(582g) Peptide Hydrolysis and the Prebiotic Origin of Functional Peptides

The emergence of functional peptides under plausible prebiotic conditions has been an open scientific question for the origin of life on the prebiotic Earth around 4 billion years ago ^[1]. This research focuses on creating a one-pot system of peptides that is sufficiently simple to form spontaneously under prebiotic conditions, yet adequately complex to demonstrate functionality driven by selection. Hydrolysis of the amide bonds would drive the selection of short functional peptides. Here the function of these short peptides is demonstrated using the aldol reaction, in which glycline and proline based peptides can catalyze carbon-carbon bond formation ^[2] . The results demonstrate that the hydrolysis of oligomers back into monomers could replenish the limited monomer resources and reshuffle the peptide sequences.

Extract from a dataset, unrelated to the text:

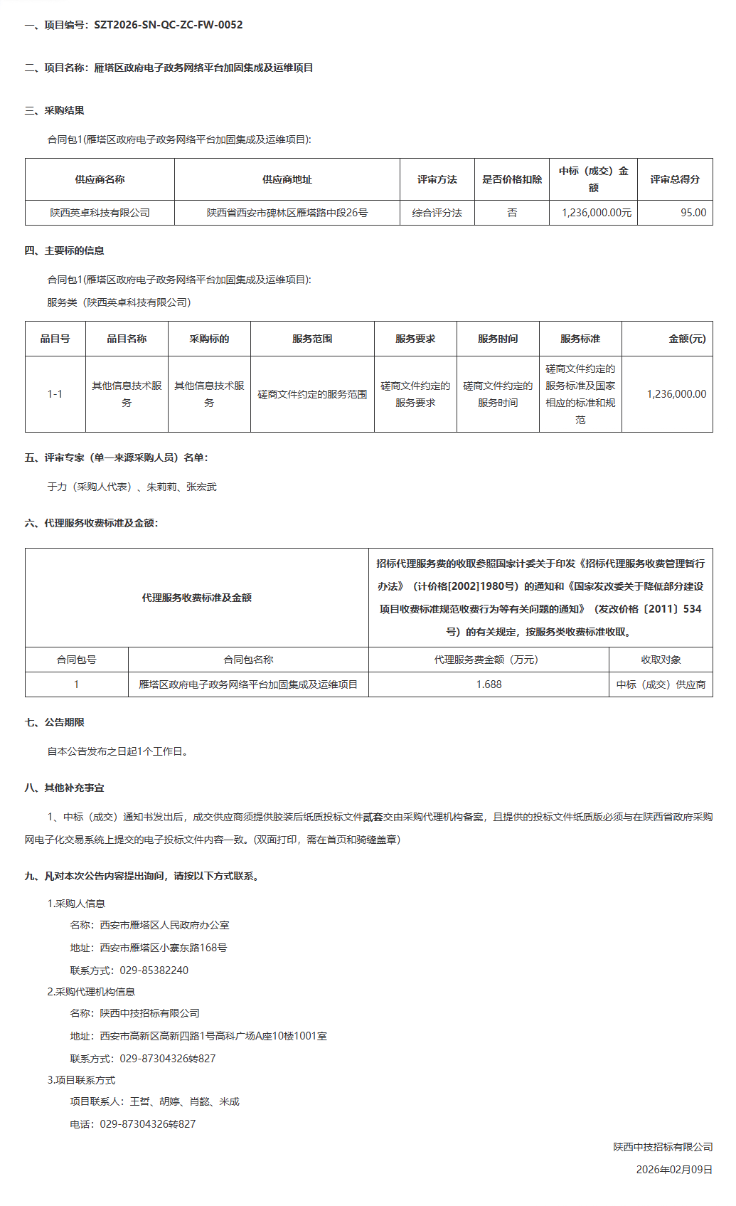 西安市雁塔区人民政府办公室雁塔区政府电子政务网络平台加固集成及运维项目中标(成交)结果公告

In this study, NMR analysis was performed to quantify the effects of temperature and pH on amide bond hydrolysis, starting from glycine and alanine containing oligomers. The rate constants are obtained by fitting differential equation models solved with MATLAB. The experimental data show that the amide bond hydrolysis is strongly impacted by pH, with hydrolysis promoted under more basic and higher temperature conditions.

References

1. Forsythe, J.G., et al., Ester‐Mediated Amide Bond Formation Driven by Wet–Dry Cycles: A Possible Path to Polypeptides on the Prebiotic Earth. Angewandte Chemie International Edition, 2015. 54(34): p. 9871-9875.
2. List, B., R.A. Lerner, and C.F. Barbas, Proline-catalyzed Direct Asymmetric Aldol Reactions. Journal of the American Chemical Society, 2000. 122(10): p. 2395-2396.